### TASK TO CARRY OUT
Copy each line below exactly as it appears. Pictures are to be omitted.

### THE DATA
+ + +
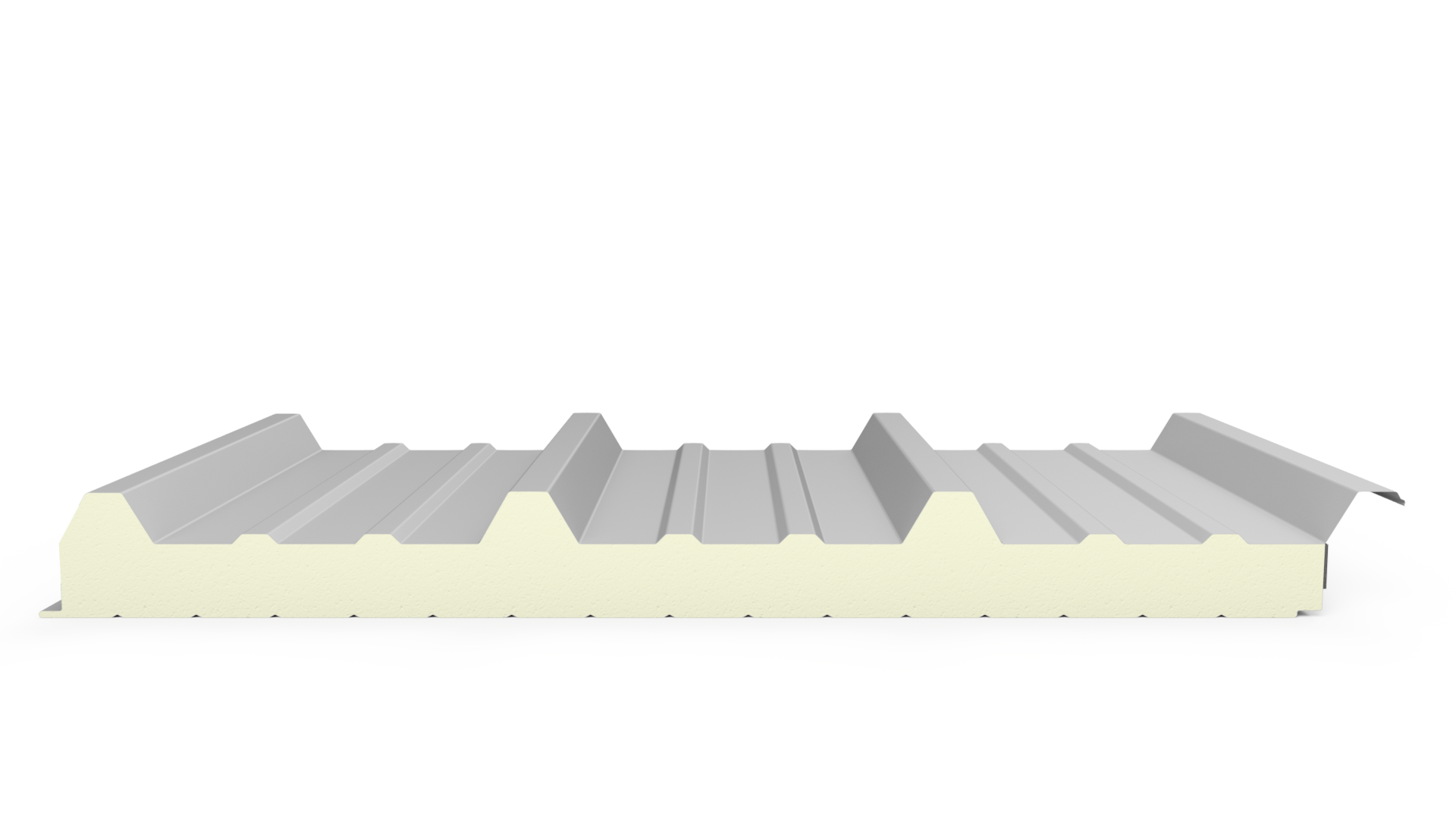 Panel metálico para cubiertas tipo sándwich, inyectado en línea continua con Poliuretano (PUR) o Poli-isocianurato (PUR) expandido de alta densidad (38kg/m3), cara externa y cara interna en lámina de acero galvanizado pre pintado, aluminio y/o Aluzinc.
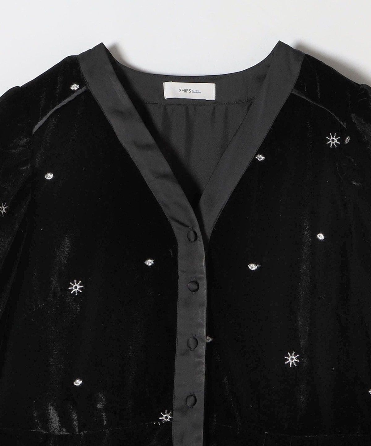 10. 《予約》SHIPS any:〈手洗い可能〉ポリエステル ベロア 刺繍 タック フレア ワンピース
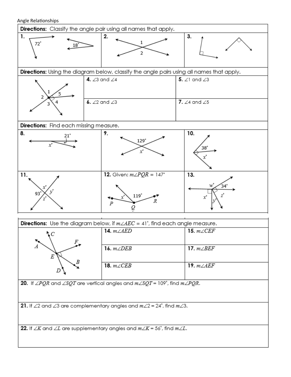 Homework 6B-2: Angle Relationships
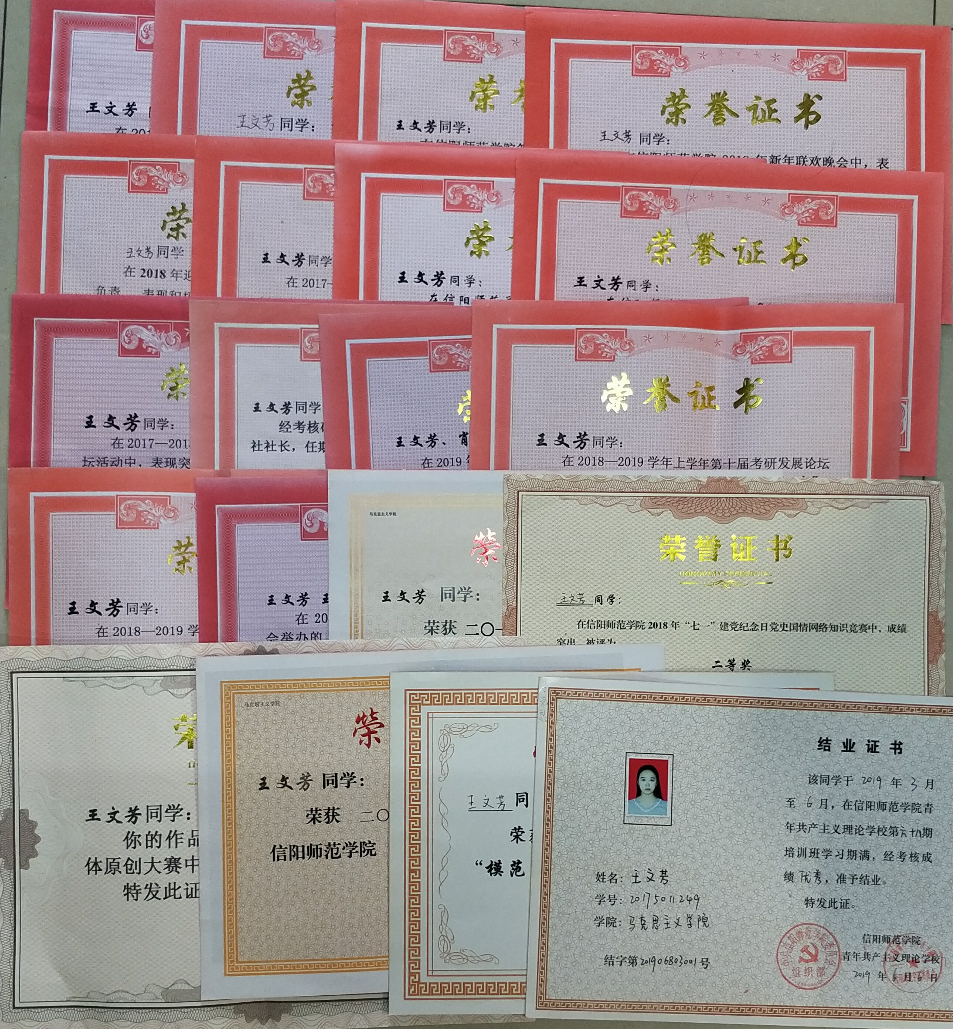 在学生工作方面,积极参与,脚踏实地。大一刚入学,在校学生会学学术科技部担任干事,在考研服务社担任组织部干事,大二在考研服务社担任社长,大三开学初期,担任2019级思想政治教育二班新生班代,现任WilliamHILL中国分团委学生会主席。积极参与学校活动,参与组织、服务学校及学院多项活动,例如信阳师范学院迎新活动、信阳师范学院元旦晚会、信阳师范学院“诗词大会”、信阳师范学院“翰林学坛”、考研经验流会、英语四六级模拟考试、祈福考研等活动。曾获荣誉如“模范团干部”、“模范干部”、“优秀工作者”、“优秀志愿者”等。
+ + +
### ANSWER TO THE PROBLEM
 Panel metálico para cubiertas tipo sándwich, inyectado en línea continua con Poliuretano (PUR) o Poli-isocianurato (PUR) expandido de alta densidad (38kg/m3), cara externa y cara interna en lámina de acero galvanizado pre pintado, aluminio y/o Aluzinc.
 10. 《予約》SHIPS any:〈手洗い可能〉ポリエステル ベロア 刺繍 タック フレア ワンピース
 Homework 6B-2: Angle Relationships
 在学生工作方面,积极参与,脚踏实地。大一刚入学,在校学生会学学术科技部担任干事,在考研服务社担任组织部干事,大二在考研服务社担任社长,大三开学初期,担任2019级思想政治教育二班新生班代,现任WilliamHILL中国分团委学生会主席。积极参与学校活动,参与组织、服务学校及学院多项活动,例如信阳师范学院迎新活动、信阳师范学院元旦晚会、信阳师范学院“诗词大会”、信阳师范学院“翰林学坛”、考研经验流会、英语四六级模拟考试、祈福考研等活动。曾获荣誉如“模范团干部”、“模范干部”、“优秀工作者”、“优秀志愿者”等。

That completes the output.